Rather than thinking of this "retaining of openness" as "holding a posture," we can think that we are not actually holding anything…

We are stopping ourselves from grabbing back on after we have let go.

That feels relevant in so many other areas of life where we might want to expand our capacity and openness.

For example, in marriage, I feel a "grabbing on" that happens when certain topics or tones or situations come up. And eventually I feel myself let go. I can notice those contrasts ("oh, I just felt myself grab on" or "oh, I just felt myself let go") and I can begin to find a coordination around that "grabbing" and "letting go," and start to explore retaining the "letting go" posture longer each time. If I practice this enough, I will change my "familiar" so that, eventually, my openness towards my wife is automatic.

This applies everywhere. "Grabbing on" to money, to work, to relationships, to reputation…

As a musician, I have found that practicing a posture in one area benefits other areas.
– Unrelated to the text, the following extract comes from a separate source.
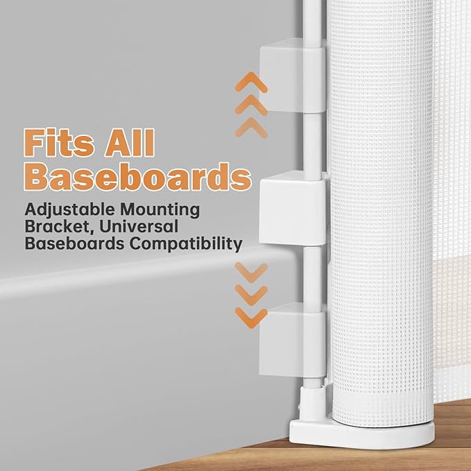 - 【Fiberglass Support】We have upgraded the retractable gate with fiberglass support strips, which prevent kids and pets from going under the mesh and reduce wrinkling. The mesh expands smoothly without getting stuck, making it effortless to use.

So every day I practice letting go of my breath. It's a basic human function that occurs whether I grab on or let go. And it's something which benefits me more deeply when I do let go. This may be true in all areas of life.

One important clarification: Letting go does not mean caring less deeply. Or not working hard at something. It just means that a posture of "grabbing on" tends to diminish freedom, resonance, and life while letting go allows them.

I can care deeply and work hard while letting go. Even now as I write that, I feel overwhelmed at how complicated of a process that seems to be. How can I let go while caring and working hard? In most areas of life, I don't know.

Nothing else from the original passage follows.